Dans l’enclave juive de Jérusalem-Est, des Juifs plus contents de Trump que de Netanyahu

Depuis le complexe cloisonné au sein de Ras Al-Amoud, les résidents de Maale Hazeitim saluent une décision "avec une part biblique"

Jacob Magid est le correspondant pour les questions liées aux implantations pour le Times of Israël

Le quartier juif de Maale Hazeitim, au coeur du quartier arabe de Ras al-Amoud, sur le mont des Oliviers, au mois de mai 2011 (Crédit : Yossi Zamir/Flash90)
Le quartier juif de Maale Hazeitim, au coeur du quartier arabe de Ras al-Amoud, sur le mont des Oliviers, au mois de mai 2011 (Crédit : Yossi Zamir/Flash90)

En reconnaissant Jérusalem en tant que capitale d’Israël, le président américain Donald Trump a sciemment évité de détailler comment il envisageait l’élargissement des frontières de la ville sainte israélienne.
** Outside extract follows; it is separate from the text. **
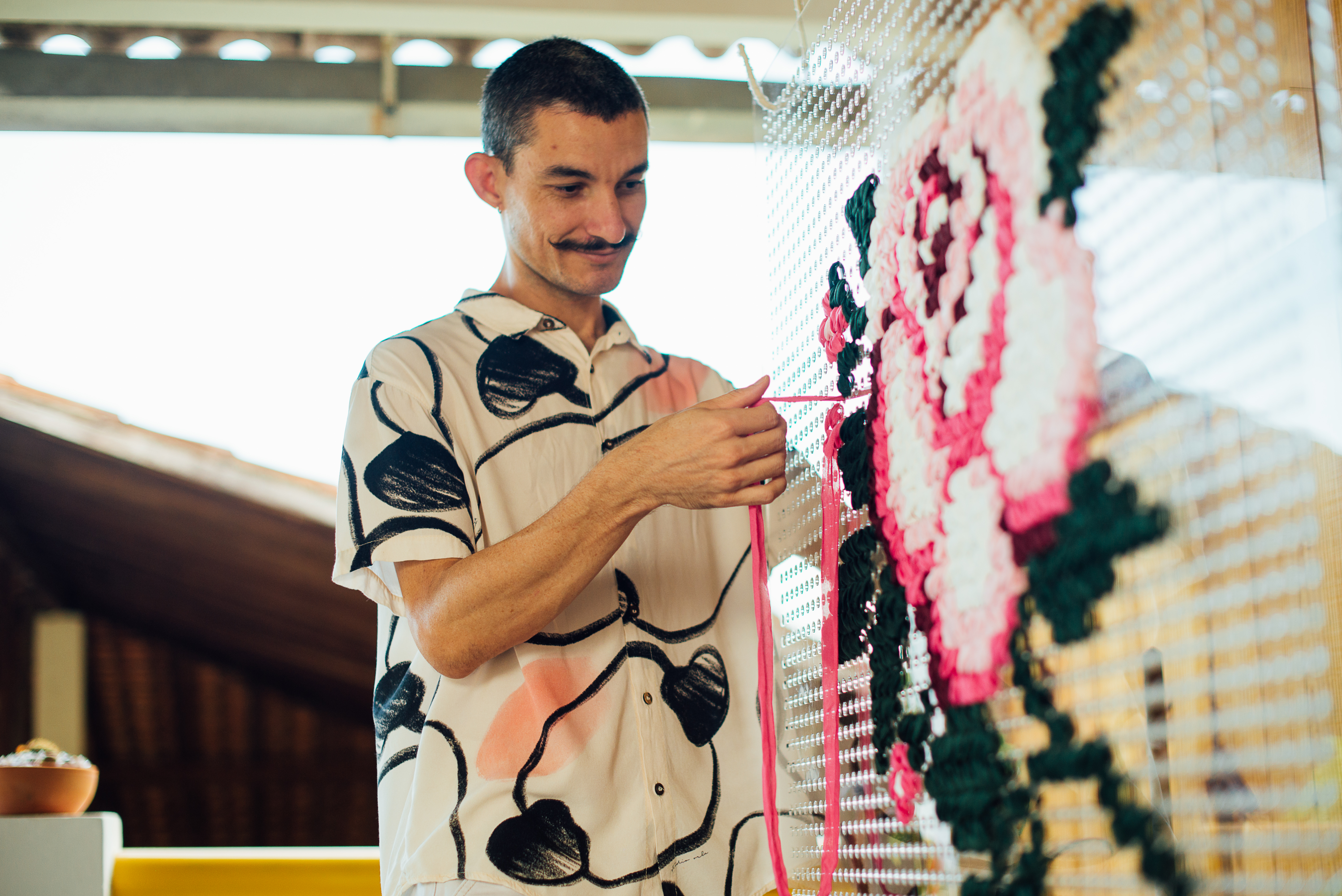 Rick Rodrigues, Permitir o afeto, 2022, Intervenção urbana. Bordados com fios de malhas sobre placas de acrílico. Dimensões 120 cm x 120 cm cada. João Neiva-ES. Fotografias Junior. Descrição: homem branco e magro de cabelos curtos escuros e bigode, vestindo uma camisa clara, segurando uma linha rosa, diante de um grande bordado feito em uma placa de acrílico suspensa. Vemos a cena ligeiramente de baixo, em plano médio. O homem está em segundo plano, pois em primeiro surge a flor rosa do grande bordado, à direita da imagem.

Mais les habitants d’une enclave juive située dans la partie Est de la municipalité ont indiqué jeudi être confiants : Pour eux, le président a gardé leur présence à l’esprit en prenant cette décision.

« Il a été essentiellement vague et je suis tout à fait à l’aise avec ça », s’exclame un habitant de Maale Hazeitim, Mordechai Taub. « Reconnaître les frontières entières de la ville [comme israéliennes] sera un processus à venir, mais qui se fera à un moment ».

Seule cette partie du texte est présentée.